**TO DO**: Please repeat only the lines below starting at the line that holds "Den selben Link" and ending at the line that holds "原付バイクの入荷情報やイレギュラーな営業時間 ・", exactly, with both of those lines included and every picture omitted.

**INFORMATION**:
==============================
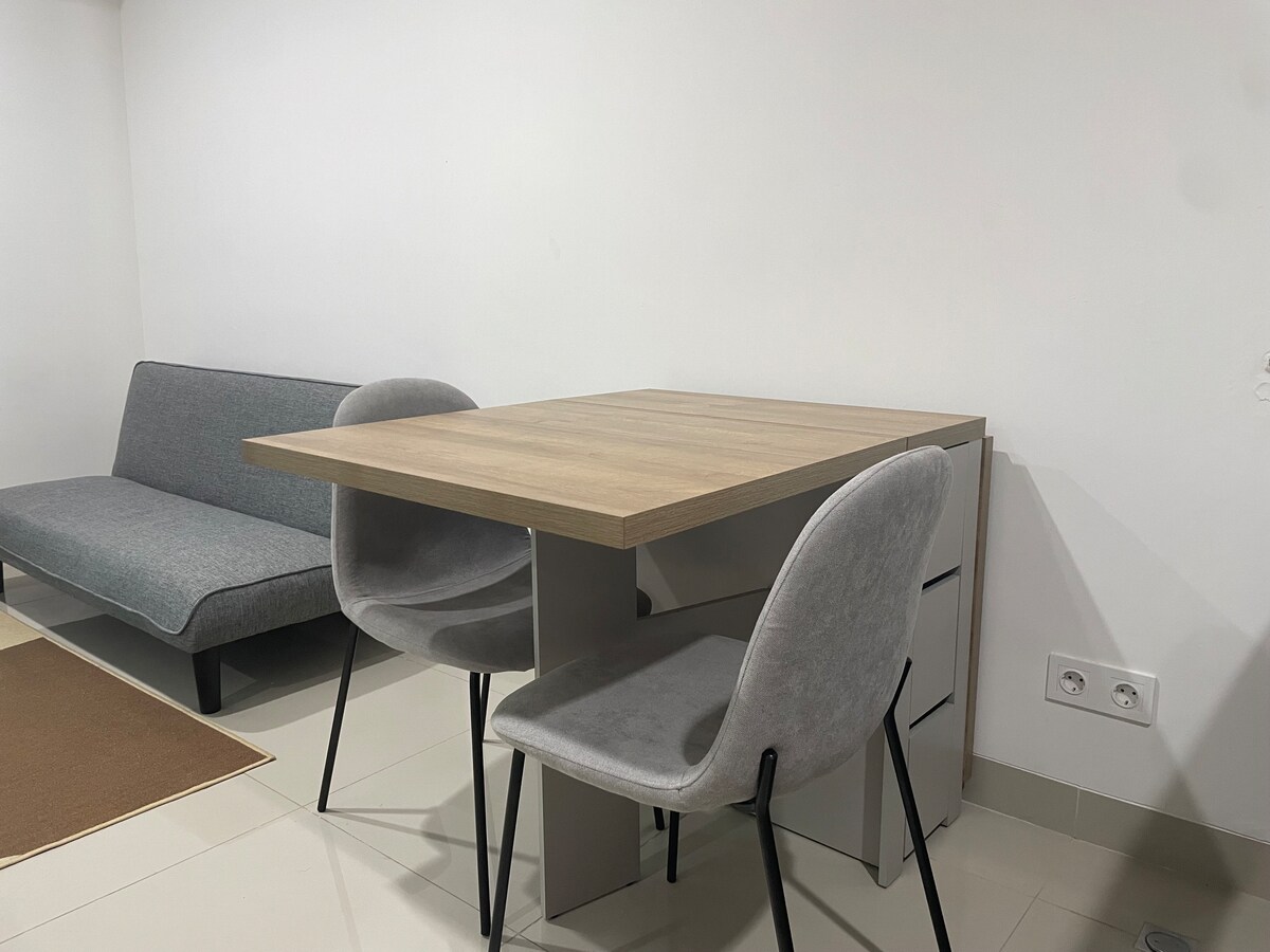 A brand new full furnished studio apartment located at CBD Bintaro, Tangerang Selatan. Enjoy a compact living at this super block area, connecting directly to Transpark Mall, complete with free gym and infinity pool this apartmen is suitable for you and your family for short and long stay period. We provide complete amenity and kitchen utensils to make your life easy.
==============================
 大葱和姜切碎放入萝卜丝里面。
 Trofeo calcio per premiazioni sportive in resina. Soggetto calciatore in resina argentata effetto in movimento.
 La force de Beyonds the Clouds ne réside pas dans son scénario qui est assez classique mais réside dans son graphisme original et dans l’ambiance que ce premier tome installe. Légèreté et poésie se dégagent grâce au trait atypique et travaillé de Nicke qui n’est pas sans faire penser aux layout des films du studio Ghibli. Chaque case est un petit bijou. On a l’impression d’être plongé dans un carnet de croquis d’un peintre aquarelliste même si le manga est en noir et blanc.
==============================
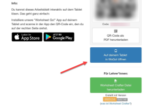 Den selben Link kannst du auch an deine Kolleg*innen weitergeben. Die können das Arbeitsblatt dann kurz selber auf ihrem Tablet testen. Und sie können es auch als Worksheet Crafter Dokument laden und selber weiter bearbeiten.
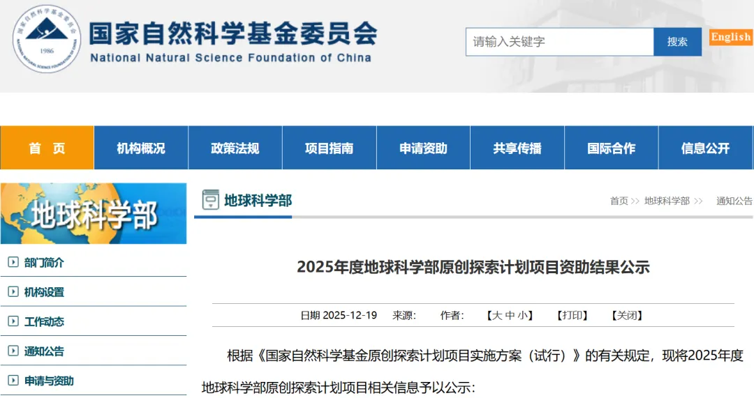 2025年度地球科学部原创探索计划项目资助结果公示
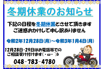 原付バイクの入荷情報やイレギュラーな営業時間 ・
==============================
**SOLUTION TO THIS TASK**:
 Den selben Link kannst du auch an deine Kolleg*innen weitergeben. Die können das Arbeitsblatt dann kurz selber auf ihrem Tablet testen. Und sie können es auch als Worksheet Crafter Dokument laden und selber weiter bearbeiten.
 2025年度地球科学部原创探索计划项目资助结果公示
 原付バイクの入荷情報やイレギュラーな営業時間 ・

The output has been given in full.